10 de out. de 2008

La misionera




Esta semana tive o imenso prazer de ter alguns (pouquíssimos) minutos de conversa com a cantora Mercedes Sosa, uma das mais importantes divas da América Latina. Que figura doce, cheia de amor para dar ao mundo, nos olhos uma sabedoria profunda da realidade que a contorna. Jamais esquecerei o abraço que ela me deu, seu cheirinho de avó com talco. Público abaixo matéria publicada ontem no Jornal do Brasil, para o qual trabalho. A matéria foi escrita com a ajuda precisa de amigos deste blog, com destaque para informações de Pedro Paulo Malta.


Ícone da canção de protesto, Mercedes Sosa recebe Ordem do Mérito Cultural e defende com veemência líderes controversos como o boliviano Evo Morales


Monique Cardoso


O presidente Luiz Inácio Lula da Silva fez lobby para sua condecoração e até escolheu pessoalmente o repertório que a diva argentina Mercedes Sosa cantaria, anteontem à noite, na cerimônia de entrega da Ordem do Mérito Cultural, na qual foi uma das homenageadas. Mas não a viu cantar. Por razões meteorológicas, seu avião não pôde decolar e o presidente não compareceu à festa. Em entrevista ao Jornal do Brasil antes da cerimônia, que durou cerca de três horas no Teatro Municipal, Mercedes rasgou elogios ao líder petista, a quem conheceu durante a reunião de Cúpula do Mercosul em Tucumán, norte da Argentina, sua terra natal e de onde tirou inspiração para suas mais importantes canções. Apesar da saúde frágil, que faz com que se apresente sentada, a cantora, 73 anos, cumpre este mês longa agenda em países da Europa e em Israel. Em novembro, volta ao Brasil para show no dia 28 de novembro, no Vivo Rio.


– É um orgulho muito grande receber esse prêmio do Brasil. – exalta Mercedes, confirmando a escolha do repertório pelo fã ilustre: – Ele pediu para eu cantar Gracias a la vida e Misionera.


Elo forte do país, desde os anos 60, com a cultura dos povos indígenas e o folk argentino, aspectos culturais de sua sagrada Tucumán, Mercedes Sosa continua a levar ao palco, mescladas a músicas de amor, letras que falam das mazelas da América Latina. Resquícios do movimento Nueva Canción, cujas músicas de protesto influenciaram a MPB nos anos 70, principalmente nomes como Chico Buarque, Caetano Veloso, Milton Nascimento, entre outros.
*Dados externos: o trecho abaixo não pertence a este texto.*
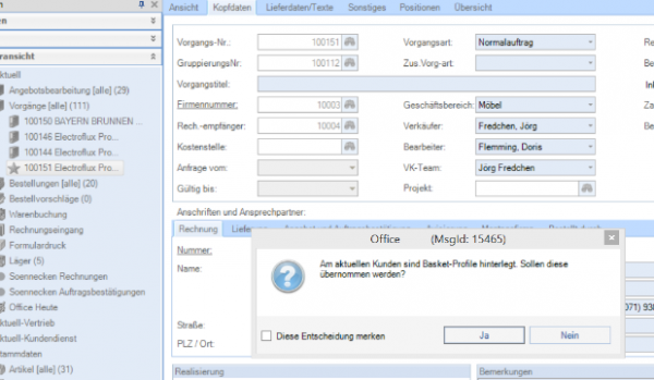 Damit das Profil auch nach dem Schließen des Angebots aufrufbar ist, kann es direkt mit dem Kunden verknüpft werden. Hierzu wird die Firma in Concept Office geöffnet, und der Button „Basket-Profile“ unter „Mitarbeiter/Weiteres“ angeklickt. Das Profil steht hier in der Auswahlbox zur Verfügung. Nach der Zuordnung steht das Profil sofort für alle bestehenden und neuen Vorgänge zu Verfügung. Löscht man die Zeile wieder, ist das Profil inaktiv.
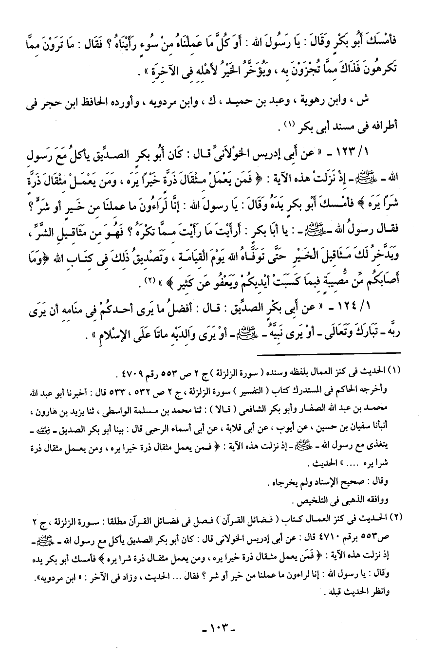 1/ 123 - "عن أَبِى إدريس الخوْلَانىِّ قال: كَان أَبُو بكرٍ الصدِّيق يأكلُ معَ رَسولِ الله - صلى الله عليه وسلم - إِذْ نَزَلتْ هذه الآية: {فَمَنْ يَعْمَلْ مِثْقَالَ ذَرَّةٍ خَيْرًا يَرَهُ (7) وَمَنْ يَعْمَلْ مِثْقَالَ ذَرَّةٍ شَرًّا يَرَهُ} فأمْسكَ أَبو بكرٍ يَدَهُ وَقَالَ: يَا رسولَ الله: إنَّا لَرَاءُونَ ما عمِلنَا مِن خَيرٍ أو شَرٍّ؟ فقال رسولُ الله - صلى الله عليه وسلم -: يا أبَا بكرٍ: أَرأَيْتَ مَا رَأَيْتَ مِمَّا تكْرَهُ؟ فَهُوَ مِن مَثَاقِيلِ الشَّرِّ، وَيدَّخِرُ لَكَ مَثَاقِيلَ الْخَيْرِ حَتَّى تَوَفَّاهُ الله يَوْم الْقِيَامَةِ، وَتَصْدِيقُ ذَلِكَ فِى كتَاب الله {وَمَا أَصَابَكُمْ مِنْ مُصِيبَةٍ فَبِمَا كَسَبَتْ أَيْدِيكُمْ وَيَعْفُو عَنْ كَثِيرٍ} " (¬2).

– Minha vida é sacrificada. Continuo viajando com freqüência, mas as pessoas querem me ouvir. O que eu sofro não é nada. Este continente é enorme, muita coisa mudou desde as ditaduras, mas onde quer que eu vá sempre vai haver aquela gente pobre, humilde, que não tem o que dar de comer aos filhos, que não tem onde tomar um banho ou fazer sua higiene, que não tem trabalho. Então eu não posso abandonar esta temática. Esta é a realidade.
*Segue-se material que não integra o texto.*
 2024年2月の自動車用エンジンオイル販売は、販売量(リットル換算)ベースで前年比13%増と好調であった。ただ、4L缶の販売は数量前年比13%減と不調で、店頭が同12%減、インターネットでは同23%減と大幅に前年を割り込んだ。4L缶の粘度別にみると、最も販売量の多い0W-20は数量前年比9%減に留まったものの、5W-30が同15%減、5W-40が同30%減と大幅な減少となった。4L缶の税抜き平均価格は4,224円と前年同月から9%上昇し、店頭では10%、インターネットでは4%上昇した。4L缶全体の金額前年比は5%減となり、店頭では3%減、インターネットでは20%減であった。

Vítima da repressão durante a ditadura argentina, La Negra, como é chamada carinhosamente por causa do tom dos cabelos, tornou-se respeitada ativista de esquerda. Hoje não pode mais liderar panelaços e protestar com as Mães da Praça de Mayo. Por isso, não dispensa o noticiário.


– Acompanho tudo o que posso pela TV. Sei exatamente o que está se passando no Brasil, no Chile, no Uruguai. De todos os países, o Brasil sem dúvida é o que conseguiu estabelecer uma democracia mais forte nos últimos 20 anos e não pode deixar que crises econômicas a enfraqueça – aconselha.


Mais recentemente, seu discurso político voltou com toda a força para apoiar a presidente Cristina Kirchner. A cantora também defende as posturas adotadas pelos presidentes Hugo Chávez, da Venezuela, e Evo Morales, da Bolívia. – Defendo a Cristina, Michele Bachelet (presidente do Chile) e demonstrei meu apoio quando Chávez ofereceu enviar tropas para a Bolívia – conta. – É um absurdo tentarem boicotar o Evo, esse homem não merece o que estão fazendo com ele, que foi eleito democraticamente. É um menino muito bom. Em Tucumán estava lá, com toda a simplicidade, jogando bola com as crianças.


A cantora lançou seu último disco, Corazón libre, há três anos. Se, nas décadas de 70 e 80, estabeleceu parcerias com Milton Nascimento, Fagner e gravou diversos compositores brasileiros, como Chico e Caetano, hoje conta com o acordeonista gaúcho Luiz Carlos Borges (autor de Misionera), que a acompanha em turnês pela Europa. – Amo tudo o que vem do Brasil. Continuo cantando Coração vagabundo, de Caetano Veloso em meus shows, mas num portunhol que nunca termino de aprender.

3 comentários:

A digestora metanóica disse...

Há muito tempo que a música dela e a de Silvio Rodrigues tem um papel fundamental na minha vida.

"que la reseca muerte no me encuentre
vacía y sola sin haber hecho lo suficiente"

Parabéns pela entrevista, Nique.

Pedro Paulo Malta disse...

Nique,

Sua matéria ficou o fino!

Pena não ter tido mais espaço (e tempo com a entrevistada!), pois teria rendido um material e tanto.

A participação dela no Chico & Caetano (cantando e dançando com um "pañuelo") é uma imagem inesquecível da minha infância.

Que bom que pude te ajudar!

Beijo grande,
PP

Olívia Bandeira de Melo disse...

Nique, você tem informações sobre o show? Preço dos ingressos, como e quando serão vendidos?